• Task prompt:
Only the lines below from the one with "A luxurious wooden" through the one with "拓展:在某些接触点处有无弹力" are to be written out, exactly and without any images.

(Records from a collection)
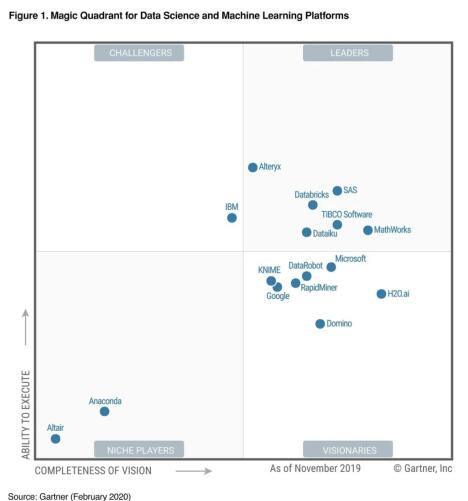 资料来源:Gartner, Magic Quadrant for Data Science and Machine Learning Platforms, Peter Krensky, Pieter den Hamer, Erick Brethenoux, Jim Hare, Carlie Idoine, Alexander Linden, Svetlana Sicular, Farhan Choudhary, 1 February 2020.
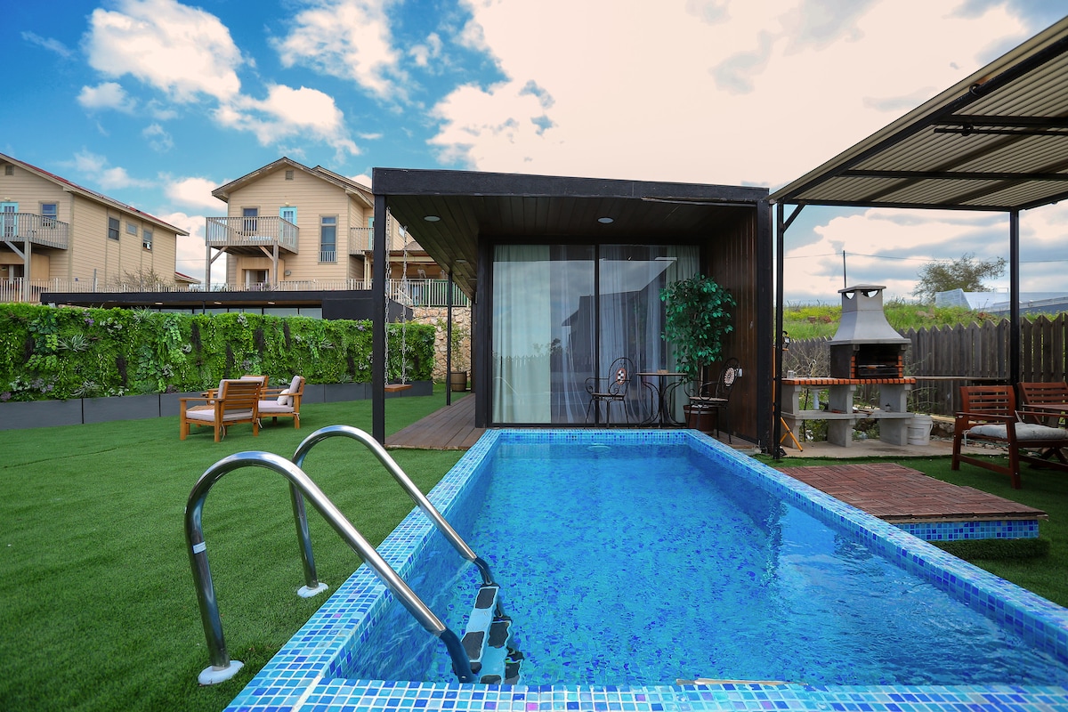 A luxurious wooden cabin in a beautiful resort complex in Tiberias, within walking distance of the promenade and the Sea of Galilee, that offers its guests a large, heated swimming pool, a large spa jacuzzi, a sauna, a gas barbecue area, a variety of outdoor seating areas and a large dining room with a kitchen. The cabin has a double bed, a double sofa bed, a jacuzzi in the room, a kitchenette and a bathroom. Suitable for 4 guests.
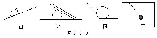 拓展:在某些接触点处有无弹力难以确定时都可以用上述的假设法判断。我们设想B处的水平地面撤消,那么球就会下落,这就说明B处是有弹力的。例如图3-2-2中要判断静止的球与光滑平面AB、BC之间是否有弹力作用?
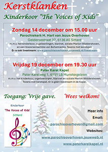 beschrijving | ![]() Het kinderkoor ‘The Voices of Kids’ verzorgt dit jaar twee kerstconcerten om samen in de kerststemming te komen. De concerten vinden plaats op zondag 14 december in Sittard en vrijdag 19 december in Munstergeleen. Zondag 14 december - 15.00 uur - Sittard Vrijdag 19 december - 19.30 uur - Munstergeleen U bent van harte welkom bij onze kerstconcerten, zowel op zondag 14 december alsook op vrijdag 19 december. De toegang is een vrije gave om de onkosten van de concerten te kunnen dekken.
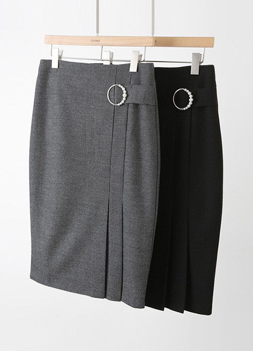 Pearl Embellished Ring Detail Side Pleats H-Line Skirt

• Response to this exercise:
 A luxurious wooden cabin in a beautiful resort complex in Tiberias, within walking distance of the promenade and the Sea of Galilee, that offers its guests a large, heated swimming pool, a large spa jacuzzi, a sauna, a gas barbecue area, a variety of outdoor seating areas and a large dining room with a kitchen. The cabin has a double bed, a double sofa bed, a jacuzzi in the room, a kitchenette and a bathroom. Suitable for 4 guests.
 拓展:在某些接触点处有无弹力难以确定时都可以用上述的假设法判断。我们设想B处的水平地面撤消,那么球就会下落,这就说明B处是有弹力的。例如图3-2-2中要判断静止的球与光滑平面AB、BC之间是否有弹力作用?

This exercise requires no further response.